The theology expressed by Fr. John Romanies was not his, it was not a "Romanidian" theology, but a theology of the Prophets, the Apostles and the Saints throughout the centuries who were made worthy to see God in His Light. This was a theology of the uncreated Light, which is why Fr. John Romanides loved Saint Symeon the New Theologian, Saint Gregory Palamas, and generally all the Philokalic and Neptic Fathers who taught on the one hand, that God is Light and is revealed in Light, and on the other hand, that the method of acquiring a genuine knowledge of God is through sacred quietude, as shown in Holy Scripture, systematized by Saint Gregory Palamas and ensured by the Synods of the fourteenth century, especially the Synod of 1351, which can be rightly classified as the Ninth Ecumenical Synod.
Fr. John Romanides, beyond his family foundations, was a true disciple of the greatest Orthodox theologian of the 20th century, the late Fr. George Florovsky. The same Fr. George Florovsky, in a surviving letter of his, which he sent to a Russian in 1960, after critiquing other theologians of his time, writes in the end: "Generally speaking, there are few theological forces that exist in the Orthodox Church today. I pin my hopes on my student Fr. John Romanides who authored three or four years ago a superior doctoral thesis on the ancestral sin, studying the first two centuries (in Greek at Athens) and is now working near me on his doctorate in philosophy at Harvard. In him, on the other hand, there is rather a tendency towards the side of 'isolationism' - a turning away from the West in all things and being isolated within the Byzantine Tradition, or truth, and remaining at the level of genuine theological culture and deep ecclesiasticality." Also, according to a public testimony of a student of both of them, Fr. George Florovsky said: "Be careful, my son, for that which Father John teaches will not only save your soul, but it will make you a beacon of Orthodoxy in a world torn by assimilation and relations. Your mission as a priest is to teach the truth which remains unto the ages, and this truth you will learn from Father John." Indeed, the theology delivered by Fr. John was a theology that could save a person, and was not a theological intelligence that fills the mind with theological knowledge, but a theology that leads to salvation. It was not a contemplation, but a prophecy, or at least prophetic words.

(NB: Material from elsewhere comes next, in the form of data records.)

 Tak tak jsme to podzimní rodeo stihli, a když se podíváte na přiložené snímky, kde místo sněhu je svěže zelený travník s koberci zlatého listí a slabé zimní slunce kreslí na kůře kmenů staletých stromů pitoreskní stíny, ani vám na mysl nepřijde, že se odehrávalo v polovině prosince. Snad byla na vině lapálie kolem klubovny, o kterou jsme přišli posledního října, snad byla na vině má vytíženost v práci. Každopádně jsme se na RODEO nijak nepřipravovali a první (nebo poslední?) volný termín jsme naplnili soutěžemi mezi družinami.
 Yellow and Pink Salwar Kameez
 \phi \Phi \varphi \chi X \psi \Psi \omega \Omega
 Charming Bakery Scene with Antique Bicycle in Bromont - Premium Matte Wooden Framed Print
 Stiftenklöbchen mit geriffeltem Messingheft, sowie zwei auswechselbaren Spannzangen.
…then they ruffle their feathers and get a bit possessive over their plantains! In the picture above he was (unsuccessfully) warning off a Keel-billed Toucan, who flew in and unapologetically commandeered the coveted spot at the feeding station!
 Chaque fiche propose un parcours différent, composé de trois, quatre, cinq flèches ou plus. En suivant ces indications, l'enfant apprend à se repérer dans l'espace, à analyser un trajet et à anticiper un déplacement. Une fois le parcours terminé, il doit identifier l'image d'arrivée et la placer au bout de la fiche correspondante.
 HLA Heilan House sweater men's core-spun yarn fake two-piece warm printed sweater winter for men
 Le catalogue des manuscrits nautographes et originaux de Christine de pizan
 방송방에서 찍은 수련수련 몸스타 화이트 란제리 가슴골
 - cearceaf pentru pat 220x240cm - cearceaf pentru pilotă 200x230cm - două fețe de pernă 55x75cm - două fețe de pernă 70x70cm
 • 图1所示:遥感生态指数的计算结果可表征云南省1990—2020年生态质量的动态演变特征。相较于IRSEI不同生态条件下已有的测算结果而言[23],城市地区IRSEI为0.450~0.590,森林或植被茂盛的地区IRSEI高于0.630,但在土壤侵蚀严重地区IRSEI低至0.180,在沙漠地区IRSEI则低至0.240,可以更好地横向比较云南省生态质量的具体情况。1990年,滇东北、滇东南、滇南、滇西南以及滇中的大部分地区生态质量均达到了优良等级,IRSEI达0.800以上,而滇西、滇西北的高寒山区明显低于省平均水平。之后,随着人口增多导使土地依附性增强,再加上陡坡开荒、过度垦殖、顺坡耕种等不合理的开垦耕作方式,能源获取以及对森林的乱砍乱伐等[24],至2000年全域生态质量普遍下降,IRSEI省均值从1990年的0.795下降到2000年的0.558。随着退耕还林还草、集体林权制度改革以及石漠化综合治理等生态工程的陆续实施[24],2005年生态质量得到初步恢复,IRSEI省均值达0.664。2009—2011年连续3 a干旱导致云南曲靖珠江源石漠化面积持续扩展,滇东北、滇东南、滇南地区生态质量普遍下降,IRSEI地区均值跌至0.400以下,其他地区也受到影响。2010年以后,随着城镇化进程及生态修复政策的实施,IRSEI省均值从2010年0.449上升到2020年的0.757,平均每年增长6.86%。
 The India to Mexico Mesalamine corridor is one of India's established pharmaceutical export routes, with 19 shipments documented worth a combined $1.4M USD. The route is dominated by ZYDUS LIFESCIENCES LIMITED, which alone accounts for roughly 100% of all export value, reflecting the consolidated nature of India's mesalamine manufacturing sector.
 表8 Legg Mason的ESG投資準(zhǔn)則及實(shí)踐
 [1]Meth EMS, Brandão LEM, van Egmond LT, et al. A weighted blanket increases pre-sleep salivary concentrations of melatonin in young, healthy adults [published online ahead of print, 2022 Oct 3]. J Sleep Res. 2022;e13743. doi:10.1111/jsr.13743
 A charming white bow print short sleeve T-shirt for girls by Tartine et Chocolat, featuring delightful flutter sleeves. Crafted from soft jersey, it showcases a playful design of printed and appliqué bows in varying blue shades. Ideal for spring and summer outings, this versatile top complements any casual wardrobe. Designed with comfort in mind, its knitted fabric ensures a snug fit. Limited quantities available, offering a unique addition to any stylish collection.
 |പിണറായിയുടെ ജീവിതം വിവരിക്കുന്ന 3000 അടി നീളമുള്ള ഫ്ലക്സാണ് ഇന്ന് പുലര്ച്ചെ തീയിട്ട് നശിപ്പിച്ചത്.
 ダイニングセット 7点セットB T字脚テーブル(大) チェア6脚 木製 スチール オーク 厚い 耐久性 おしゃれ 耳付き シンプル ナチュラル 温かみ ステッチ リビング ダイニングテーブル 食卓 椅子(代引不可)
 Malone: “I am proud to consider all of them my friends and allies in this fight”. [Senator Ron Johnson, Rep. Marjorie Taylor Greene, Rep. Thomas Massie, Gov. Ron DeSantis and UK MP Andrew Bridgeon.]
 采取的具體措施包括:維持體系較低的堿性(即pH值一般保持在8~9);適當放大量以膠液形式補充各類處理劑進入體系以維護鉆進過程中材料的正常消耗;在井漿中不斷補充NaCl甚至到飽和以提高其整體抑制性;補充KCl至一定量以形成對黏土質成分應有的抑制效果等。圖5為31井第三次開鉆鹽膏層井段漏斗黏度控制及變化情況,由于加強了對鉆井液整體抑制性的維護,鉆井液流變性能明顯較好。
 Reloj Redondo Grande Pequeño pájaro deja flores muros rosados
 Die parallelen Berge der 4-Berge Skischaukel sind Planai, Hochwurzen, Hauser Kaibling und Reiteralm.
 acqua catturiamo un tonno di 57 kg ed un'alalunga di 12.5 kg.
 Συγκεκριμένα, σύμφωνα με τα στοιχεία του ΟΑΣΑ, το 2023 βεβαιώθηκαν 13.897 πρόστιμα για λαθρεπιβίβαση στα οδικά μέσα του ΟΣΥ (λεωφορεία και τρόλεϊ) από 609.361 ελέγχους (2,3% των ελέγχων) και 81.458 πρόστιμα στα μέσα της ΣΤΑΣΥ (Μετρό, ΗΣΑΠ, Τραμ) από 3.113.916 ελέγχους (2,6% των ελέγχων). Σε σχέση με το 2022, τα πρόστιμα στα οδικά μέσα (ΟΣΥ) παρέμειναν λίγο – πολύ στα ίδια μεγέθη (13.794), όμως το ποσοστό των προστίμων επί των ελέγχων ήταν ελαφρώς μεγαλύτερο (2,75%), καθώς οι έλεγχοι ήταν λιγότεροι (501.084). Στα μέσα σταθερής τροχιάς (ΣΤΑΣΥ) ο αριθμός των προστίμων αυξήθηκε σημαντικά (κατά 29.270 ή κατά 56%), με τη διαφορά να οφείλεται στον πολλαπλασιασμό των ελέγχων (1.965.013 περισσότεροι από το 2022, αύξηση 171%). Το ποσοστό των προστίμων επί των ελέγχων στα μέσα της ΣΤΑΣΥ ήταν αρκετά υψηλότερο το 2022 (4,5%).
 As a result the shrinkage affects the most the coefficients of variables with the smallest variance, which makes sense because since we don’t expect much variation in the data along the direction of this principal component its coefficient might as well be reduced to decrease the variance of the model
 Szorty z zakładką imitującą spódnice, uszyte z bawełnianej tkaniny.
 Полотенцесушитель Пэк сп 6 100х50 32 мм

It is clearly seen in those who reflect on various problems in the theology taught by the late Fr. John Romanides that they have accepted various influences from the West, namely Western scholasticism and post-scholasticism, Protestant moralism, German idealism and Slavic nationalism. Unfortunately, such affects have flowed into our country, which is why the theology expressed by Fr. John is important from every side.
In the Conference which will follow after the Divine Liturgy, distinguished scientific theologians will speak, who in various degrees had communication with the late Fr. John and will analyze his life and theological work.
I thank all those who are attending these events to commemorate a great theologian of our time, such as His Eminence Metropolitan Ignatius of Artes, the professors, the monks and nuns, the theological professors, and all those who came from afar to participate in these events. But now it is time to pray for the repose of the soul of Fr. John Romanides among the righteous, whom he so loved.